Did you watch Brené Brown on Oprah yesterday? I did and found it to be a very informative, enlightening, and powerful discussion of vulnerability, joy, gratitude, and a whole host of other issues. The video will be up all week, so if you can find 40 minutes or so, I really do think it will be worth the time investment.
One of the topics discussed was asking for help. As you might expect, my thoughts went to weight management and why it’s so difficult for many of us to seek out support, whether it’s from friends, family, co-workers, or all of the above. I think Brené Brown is on to something with the vulnerability factor.
Here’s what I’m thinking: Many of us who have had difficulties managing our weight already feel judged, to some degree, by those around us. In asking for help and/or support with weight loss from the people with whom we interact daily, we feel even more exposed and are fearful of being seen as weak or incompetent when we veer from plan.
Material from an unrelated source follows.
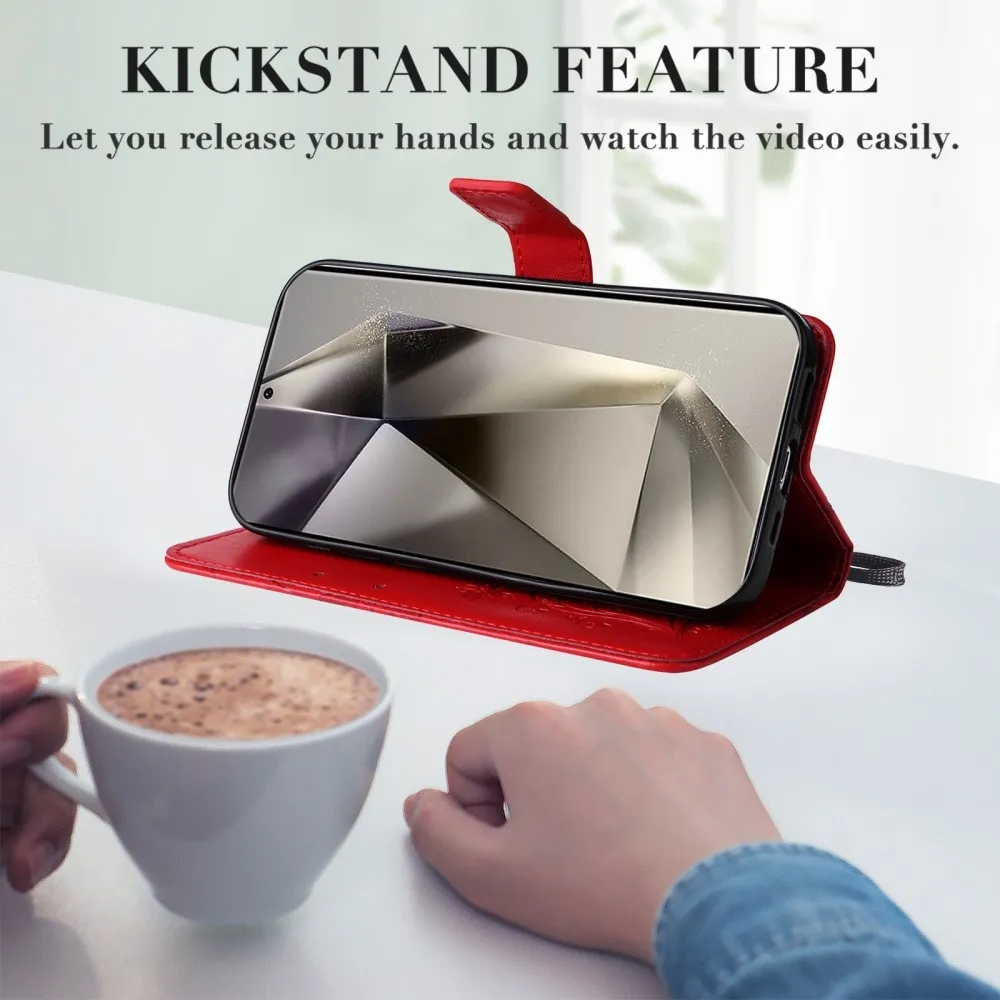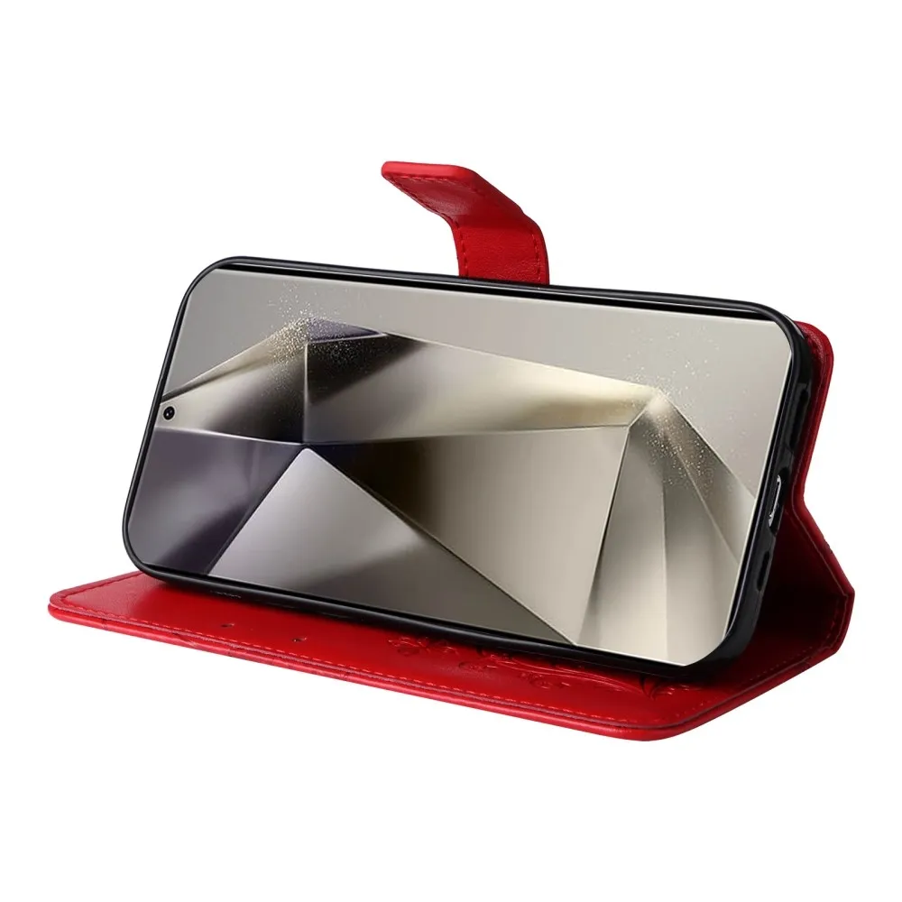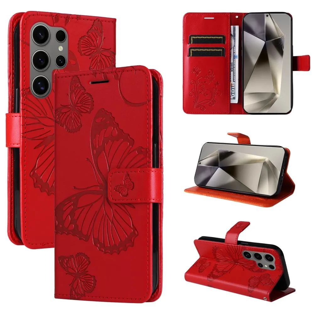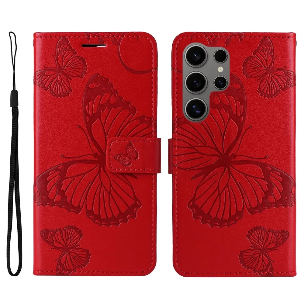 Piros pénztárca tok Nagy pillangó Samsung Galaxy S25 Ultra számára

In a way, we equate asking for help with asking for judgement, when that’s not what we want at all.
Complicating matters, we sometimes don’t know what we need in the way of support. It’s one thing to ask for someone to remind you when you’re reaching for the snack jar and another thing entirely to receive that reminder. (Or maybe I’m just projecting my own grouchiness in that regard.) So we ask folks to back off and then we feel adrift and unsupported. Vulnerable. And the people who care about us and want to help us are likely feeling vulnerable, too, and hesitant to offer help in the future. So now we’re all just one big unhappy wad of vulnerability.
What if we identified what help we needed and then, as Brené Brown says, “leaned into vulnerability” to express that to others.
Will you listen to me when I’m struggling?
Will you offer suggestions when I ask for them?
Will you let me find my way, MY way?
Whatever needs we have, we first have to know them and then express them in a calm, honest, and respectful exchange, and then keep the lines open so that when those needs change, that can be communicated (calmly) as well. Yes, there’s vulnerability involved, but it’s entirely possible (probable, even) that it will lead to joy.
I am very fortunate in that I have had tremendous support throughout my weight management adventures, both here on the blog and in my everyday life, and I’m so grateful for it. Even the
annoying well-intentioned, “Is that on your diet?” is appreciated, because I know it comes from a place of love or caring. (I’ve gotten pretty good at the internal eye roll. )(At least, I hope it’s internal.)
But these are just my ponderings. I really wanted to get YOUR input. Do you get the support or help you need with your weight issues? Do you know what you need? Is there anything I can do to help you?